Native WALA implementation of source code analysis tool for Enterprise Java Applications.

codeanalyzer extracts a comprehensive symbol table and call graph from Java applications and emits them either as the canonical analysis.json, or as a Neo4j property graph (--emit neo4j) — a graph.cypher snapshot or a live, incremental push over Bolt. See §4. Neo4j graph output.

Quick install

Grab the latest release jar and a codeanalyzer launcher (requires a Java 11+ runtime):

curl --proto '=https' --tlsv1.2 -LsSf https://github.com/codellm-devkit/codeanalyzer-java/releases/latest/download/codeanalyzer-installer.sh | sh
# or with wget:
wget -qO- https://github.com/codellm-devkit/codeanalyzer-java/releases/latest/download/codeanalyzer-installer.sh | sh

Overrides: CODEANALYZER_INSTALL_DIR (default ~/.local/bin), CODEANALYZER_VERSION (default latest). Prefer to build from source? See §2. Building codeanalyzer.

1. Prerequisites

Before you begin, ensure you have met the following requirements:

  • You have a Linux/MacOS/WSL machine.
  • You have installed the latest version of SDKMan!

1.1. Install SDKMan!

  1. Install SDKMan! Open your terminal and enter the following command:

    curl -s "https://get.sdkman.io" | bash

    Follow the on-screen instructions to complete the installation.

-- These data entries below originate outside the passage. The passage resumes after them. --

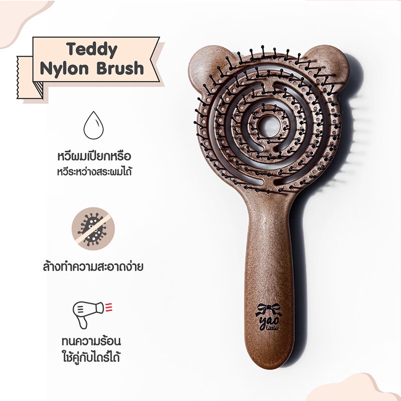 YAO Little Moving Teddy Nylon Brush 85g แปรงหวีผมขนาดเล็ก ดีไซน์น่ารักมีหูหมีน้อย ด้ามจับเล็ก จับถนัดมือทั้งเด็กและผู้ใหญ่ สามารถสางผมพันกันโดยที่ไม่กระชากเส้นผม และไม่ทำให้ผมขาดหลุดร่วง ตัวโครงสร้างสามารถยืดหยุ่นได้ ผสานขนแปรงที่มีความนุ่ม ช่วยให้รู้สึกเหมือนกับการนวดหนังศีรษะในทุกๆ ครั้งที่หวี
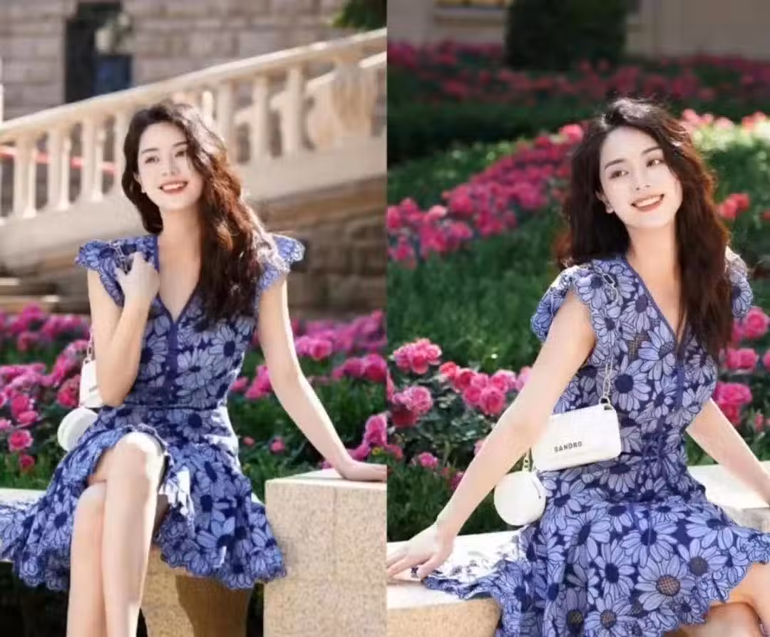 這條藍色的印花裙子把小腿和手臂的曲線都展現出來了,對於身材比較苗條的女性來說試穿還是比較實惠的。
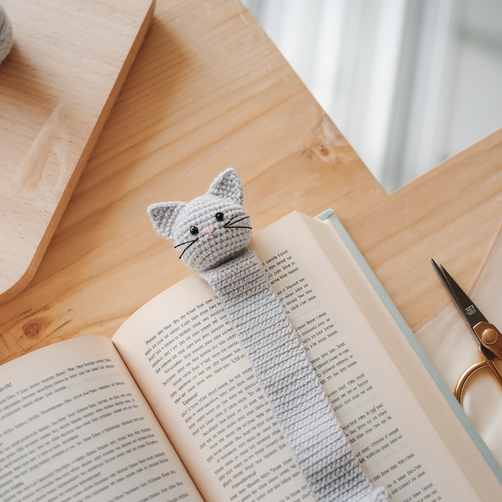 - Face embroidery: Using contrasting yarn, embroid small eyes (two French knots or tiny sl st), a small upside-down triangle nose (small satin stitch), and 3 whiskers each side (straight stitches). Keep details tiny so they don’t catch pages.

  2. Open a new terminal or source the SDKMan! scripts:

    source "$HOME/.sdkman/bin/sdkman-init.sh"

2. Building codeanalyzer

2.1. Install Java 11 or above

  1. You can list all available GraalVM versions with:

    sdk list java | grep sem

    You should see the following:

     Semeru     |     | 21.0.2       | sem     |            | 21.0.2-sem
                |     | 21.0.1       | sem     |            | 21.0.1-sem
                |     | 17.0.10      | sem     |            | 17.0.10-sem
                |     | 17.0.9       | sem     |            | 17.0.9-sem
                |     | 11.0.22      | sem     | installed  | 11.0.22-sem
                |     | 11.0.21      | sem     |            | 11.0.21-sem
    
  2. Install Java 11 or above (we'll go with 17.0.10-sem):

    sdk install java 17.0.10-sem
  3. Set Java 17 as the current Java version:

    sdk use java 17.0.10-sem

2.2. Build codeanalyzer

Clone the repository (if you haven't already) and navigate into the cloned directory.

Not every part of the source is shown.